First things first, "old friends" from years ago can piss off in that sense. If they didn't make the effort to remain a part of your life what makes you think you can rely on them now? So they just get to call you up out of the blue and have you as an option? Suddenly think of you and want to "catch up"? No thanks.
"I need to learn that men's words are empty." Well duh, of course they are, actions and behaviours are the truth, not words. If the words don't match the actions or behaviour then they're bullshit and no your reaction shouldn't be a bitter teenager sounding "whatever", it should be, "oh yeah?
well then show me that, prove that I am that special."
Screw phone relationships, you may aswell spend a few hundred bucks a day on calls to some stupid psychic hotline for all the worth you get from a phone relationship and got isn't going to hold you at night and kiss the back of your neck and tell you he loves you.
Forgive me OP, I really mean no offence by this and I don't say it make you feel bad but your post makes you sound like a bitter, religious, crazy cat lady. Sorry but that's how it sounds. One of those ladies who who shakes their fists at the neighbourhood kids for playing ball too close to her house and stabs any ball with a knife it gets into her garden.
You even talk about this being for the more mature crowd, well the teenagers who post here could probably teach you a thing or two about life OP. You're not some worn out old hag that keeps getting screwed over by life, you're a person who has things she needs to sort out because they're making you feel bitter and alone.
If you need help with your bills then contact a local charities for food donations if you're struggling, get medicare sorted, go to the many government services and seek financial help if you're stuck, or sell your place and go move in to a smaller, cheaper place. Go to a doctor and find out what you need to do to solve your pain or find ways of easing it somehow.
OP you need to sort out your life a bit before you go near guys again, because you're looking to them as a fix or as an escape and you're putting too much of a weight of expectation on them because of it and getting let down by that too.
You see not having much money is not a problem if you can feed yourself, have a roof over your head and are healthy or being treated for whatever pain you have. It's only a big deal if you let it be and let it get you down or don't have enough money to survive.
You need to get rid of all the tiny little things that have built up to this point of unhappiness.
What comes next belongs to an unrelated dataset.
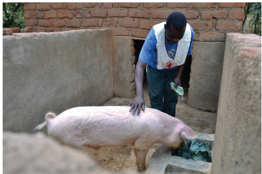
Vegetable and maize growers provide feed to the animal husbandry farmers.
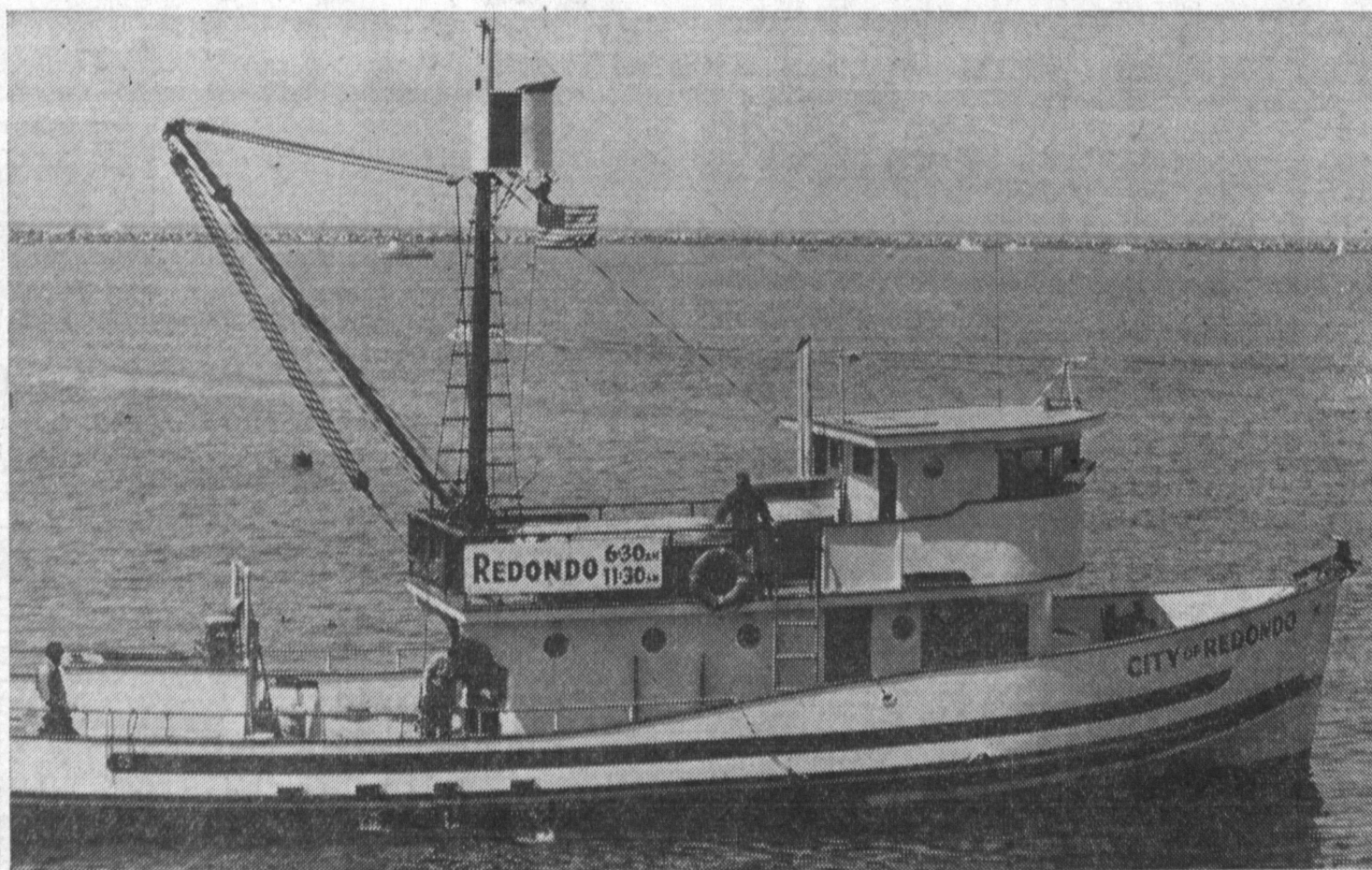
PLYING THE WATER is the City of Redondo Beach, largest half-day fishing boat, which leaves daily from Redondo Beach pier to where the big ones are caught. Its skipper, Jack Baker, has had charge of the vessel for six years.

Stay away from guys for the moment, you're not in the right frame of mind to have fun while dating. Start reviewing your expenses and get a stricter budget if you're struggling. Find a way of getting your healthcare sorted. OP hope alone is not going to fix this for you, real hope is actually doing something practical and productive to fix things. Would you sit there in your bed hoping and praying that the fire in your house is not going to consume you or would you grab your cats, break open the window and escape with them?
Time to start putting out those fires OP, time to start fixing what's broken and what's breaking you and not stopping until you've fixed them. don't take no for an answer and don't sit there by the phone in hope, take control. It's time you built up a life worth sharing again and only then can you find a guy who just might deserve to share it with you. Because be honest OP, if a guy wrote what you wrote in your question would he really sound that appealing as a potential partner? Doesn't to me but it's not go to do with you as a person, just the things you've yet to sort out.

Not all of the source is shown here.